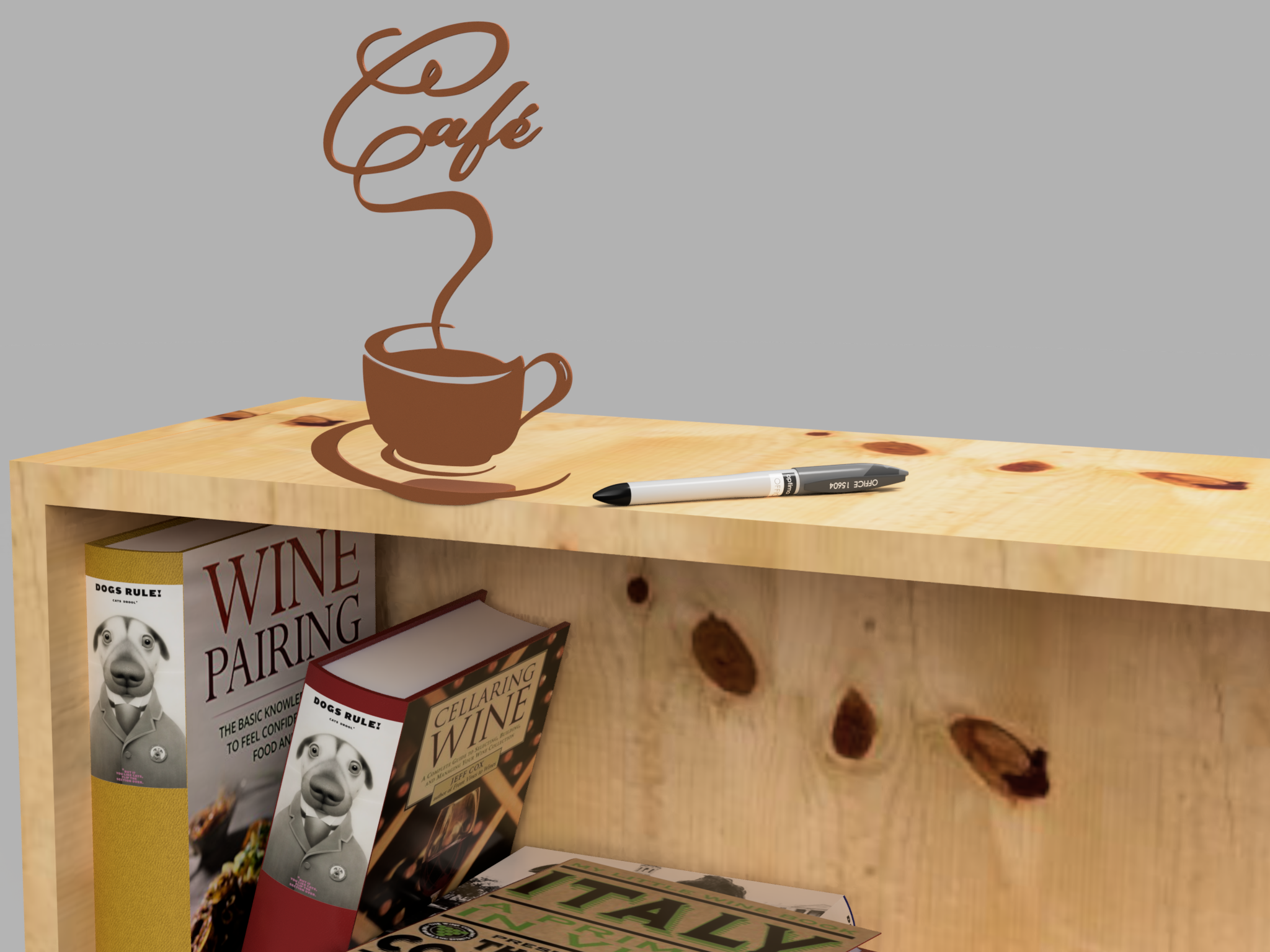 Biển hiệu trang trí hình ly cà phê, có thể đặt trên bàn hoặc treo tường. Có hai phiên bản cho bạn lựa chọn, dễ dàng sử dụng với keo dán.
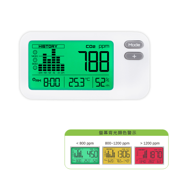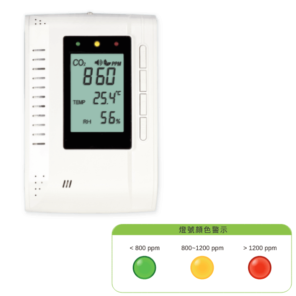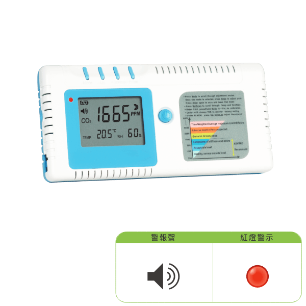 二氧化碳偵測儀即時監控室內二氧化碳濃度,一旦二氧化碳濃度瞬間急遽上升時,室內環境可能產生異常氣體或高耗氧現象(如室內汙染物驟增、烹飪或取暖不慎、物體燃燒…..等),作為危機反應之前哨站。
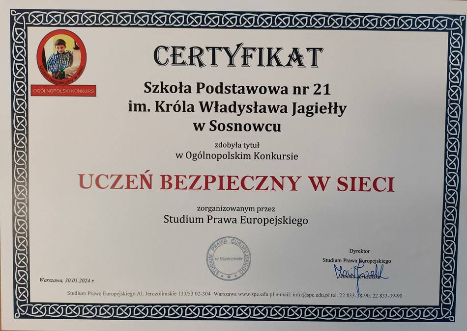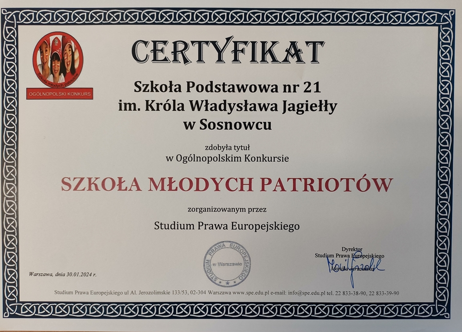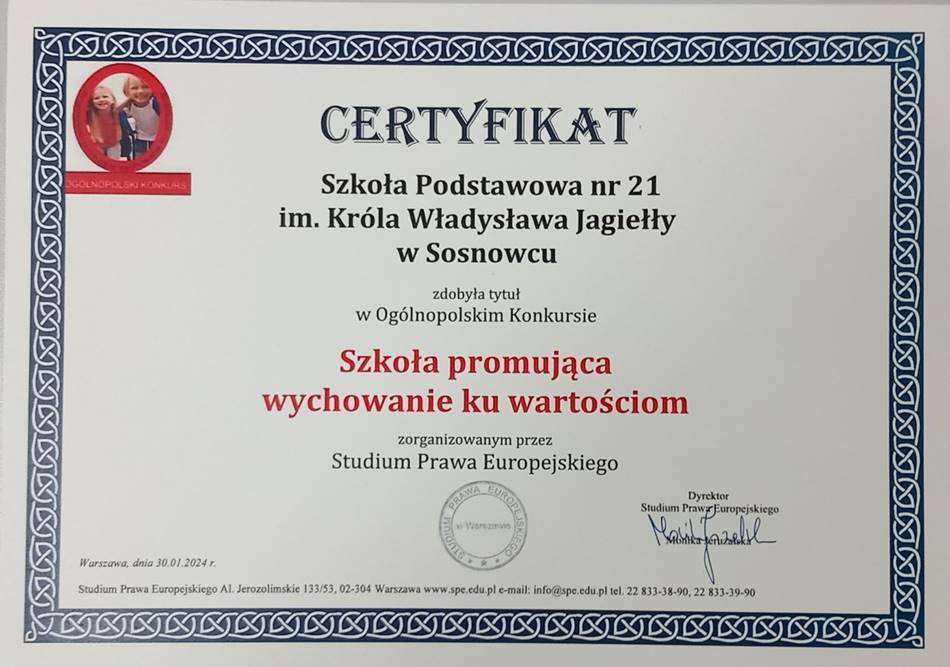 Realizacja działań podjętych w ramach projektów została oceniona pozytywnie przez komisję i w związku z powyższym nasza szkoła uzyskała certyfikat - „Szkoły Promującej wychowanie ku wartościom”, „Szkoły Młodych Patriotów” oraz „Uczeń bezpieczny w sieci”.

════════

* [YOUR OBJECTIVE] Write out the data above precisely. Pictures stay out.

* [RESULT OF THE EXERCISE]
 Biển hiệu trang trí hình ly cà phê, có thể đặt trên bàn hoặc treo tường. Có hai phiên bản cho bạn lựa chọn, dễ dàng sử dụng với keo dán.
 二氧化碳偵測儀即時監控室內二氧化碳濃度,一旦二氧化碳濃度瞬間急遽上升時,室內環境可能產生異常氣體或高耗氧現象(如室內汙染物驟增、烹飪或取暖不慎、物體燃燒…..等),作為危機反應之前哨站。
 Realizacja działań podjętych w ramach projektów została oceniona pozytywnie przez komisję i w związku z powyższym nasza szkoła uzyskała certyfikat - „Szkoły Promującej wychowanie ku wartościom”, „Szkoły Młodych Patriotów” oraz „Uczeń bezpieczny w sieci”.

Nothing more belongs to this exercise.